14. Consciente de la difficulté de financer les réseaux de radio-télévision et soucieuse d'éviter que l'élaboration des émissions (qu'il s'agisse de leur planification ou de leur contenu) ne soit motivée par des considérations d'ordre commercial,

15. Recommande au Comité des Ministres :

a. d'examiner le « projet de conditions minimales d'un service national de radio-télévision » figurant dans l'annexe à la présente recommandation ;

b. d'inviter les gouvernements des Etats membres à envisager de convoquer une conférence ad hoc réunissant les ministres responsables de la Culture et de l'Education et les ministres responsables des Télécommunications, en vue d'examiner les moyens d'élaborer de concert une politique européenne commune en ce qui concerne le potentiel culturel et éducatif de la radio-télévision.

ANNEXE
Projet de conditions minimales d'un service national de radio-télévision

a. Service complet destiné à l'ensemble du public et comportant :

i. Un choix multiple de programmes tenant dûment compte des intérêts des régions et des minorités, mais qui ne soient pas diffusés exclusivement sur une même chaîne ;

ii.
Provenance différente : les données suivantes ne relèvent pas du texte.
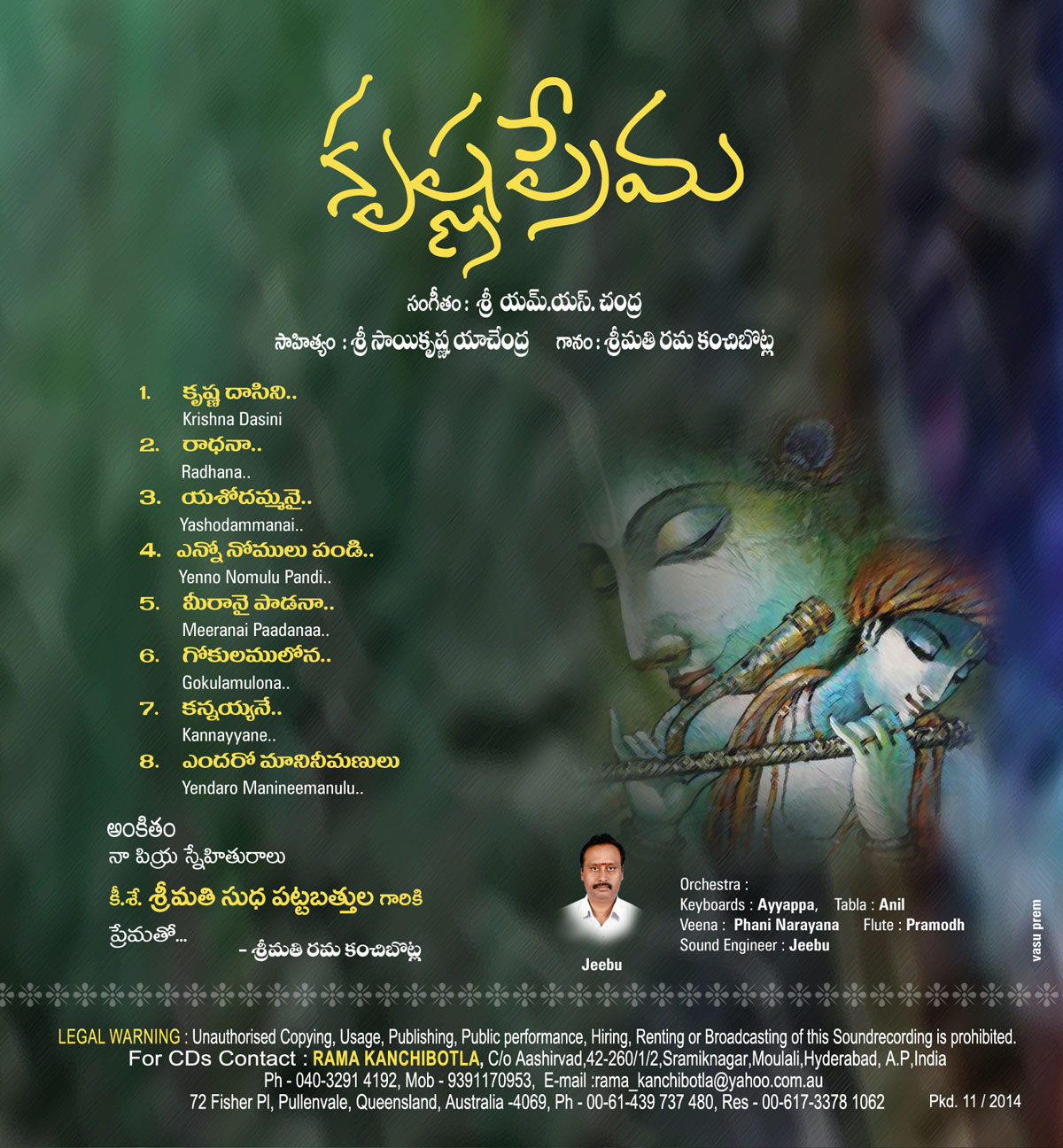 To purchase a CD, please contact Rama at rama_kanchibotla@yahoo.com.au

L'attribution d'une place importante à l'éducation et à la culture ;

iii. La lutte, au moyen de programmes équilibrés, contre la pollution dans le domaine de la culture, des activités commerciales et de l'information ;

iv. Une étroite coordination et un large courant d'échanges avec d'autres productions européennes de radio-télévision ;

b. Liberté d'expression et absence d'une censure gouvernementale ou institutionnelle préalable, avec, cependant, les réserves ci-après :

i. Droit de réponse ;

ii. Responsabilité publique des producteurs, en ce qui concerne leurs émissions, devant un organisme (au départ de caractère essentiellement parlementaire) qui représente démocratiquement la société ;

iii. Attribution de la responsabilité des émissions non pas aux organismes de radio-télévision, mais aux producteurs de ces émissions qui devront en répondre conformément aux lois en vigueur dans le pays ;

c. Droit pour l'individu d'avoir, en principe, accès à la radio-télévision, sous réserve de la réglementation existante en matière de qualité et du temps d'antenne disponible ;

d. Reconnaissance d'associations d'auditeurs et téléspectateurs, et octroi à ces associations de possibilités suffisantes de débattre en public de leurs opinions ;

e. Formation, à tous les niveaux de l'enseignement - et grâce aux média eux-mêmes - en vue d'une meilleure compréhension de la radio-télévision (notamment des techniques de publicité et de la propagande politique) ;

f. Recherches portant à la fois sur les aspects technologiques et sociaux de la radio-télévision ;

g. Souplesse permettant l'introduction de nouvelles techniques (telles que la possibilité pour le téléspectateur de faire apparaître sur l'écran des sous-titres en surimpression) ;

h. Politique particulière d'emploi à l'égard du personnel des media, qui reconnaisse la responsabilité spéciale de cette catégorie d'employés chargés d'assurer un service public, ainsi que les obligations que cette responsabilité leur impose ;

i. Séparation entre les intérêts commerciaux d'une part, et le contenu et la planification des émissions de l'autre ;

j. Contrôle responsable de la radiodiffusion par le gouvernement, soit directement, soit par l'intermédiaire d'institutions agréées.


[1]. Discussion par l'Assemblée le 23 janvier 1975 (18e séance) (voir Doc. 3520, rapport de la commission de la culture et de l'éducation).

Texte adopté par l'Assemblée le 23 janvier 1975 (19e séance).